The risk of regime violence has long been baked into the global price of oil and gas—and everything else.

By Peter Navarro | Wall Street Journal | March 13, 2026

President Trump’s decision to confront Iran’s advancing nuclear program, stockpiles of ballistic missiles, and promotion of terrorism addresses an urgent national-security threat. It also tackles an overlooked problem: For more than four decades, Iran’s rogue behavior has imposed a hidden tax on the world economy through higher oil prices and slower growth. Call it the “Iran Terror Premium.”
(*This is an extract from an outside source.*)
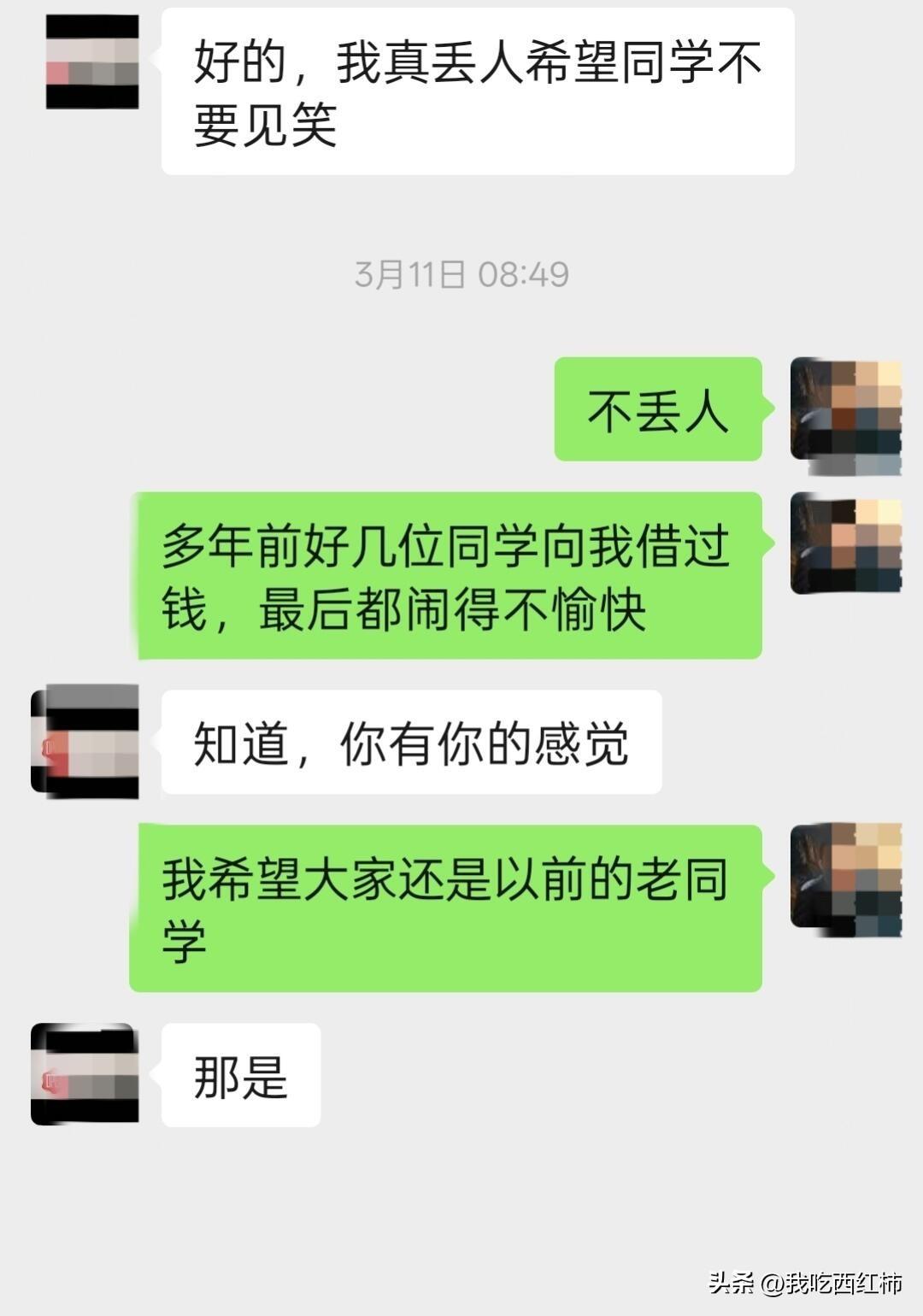 三十年前的老同学向我借钱被我拒绝了 三十年前的大学校友,昔日的同学兼老乡,都在校友群里,也互加了微信,却从不联系,也极少关注彼此的朋友圈。前几日,她突然发来消息问候近况,说自己投了三百万的生意亏了,随后话锋一转,说急需用钱,想请老同学帮忙,借一万或五千块,最多一个月就还。 我曾在十几年前“帮过”几位大学同学,最后都不欢而散,有的甚至被删了微信,从此再无交集。这次再遇老同学开口借钱,我果断拒绝了。如今这个社会,借钱往往不只是有去无回,更像是给自己多添了一个“仇人”。大家觉得我做得对吗?

Roughly a quarter of the world’s seaborne oil trade transits the Persian Gulf, much of it through the narrow Strait of Hormuz. When markets price crude oil, they must account for the risk that conflict, sabotage and terrorism will interrupt these flows. Iran creates that risk through its own forces and through proxy groups such as Hezbollah, Hamas, the Houthis and militias in Iraq, which have targeted energy infrastructure, shipping routes and regional oil facilities.

Even when no oil fields are shut down and no tankers are blocked, the risk of disruption itself pushes prices higher. In this way, oil markets behave like insurance markets: The greater the perceived risk, the larger the premium.

Economists and market analysts have measured this effect in several ways. Dario Caldara and Matteo Iacoviello’s Geopolitical Risk Index is often used to show that spikes in geopolitical tension are accompanied by higher oil prices. Research by Lutz Kilian, Michael Plante and Alexander Richter at the Federal Reserve Bank of Dallas finds that even an increasing probability of supply disruption can push oil prices higher. Market analysts—from major banks to surveys of energy economists—commonly estimate that tensions involving Iran add roughly $5 to $15 a barrel to global oil prices under normal conditions. During major crises, like today’s, oil prices may surge above $100 a barrel.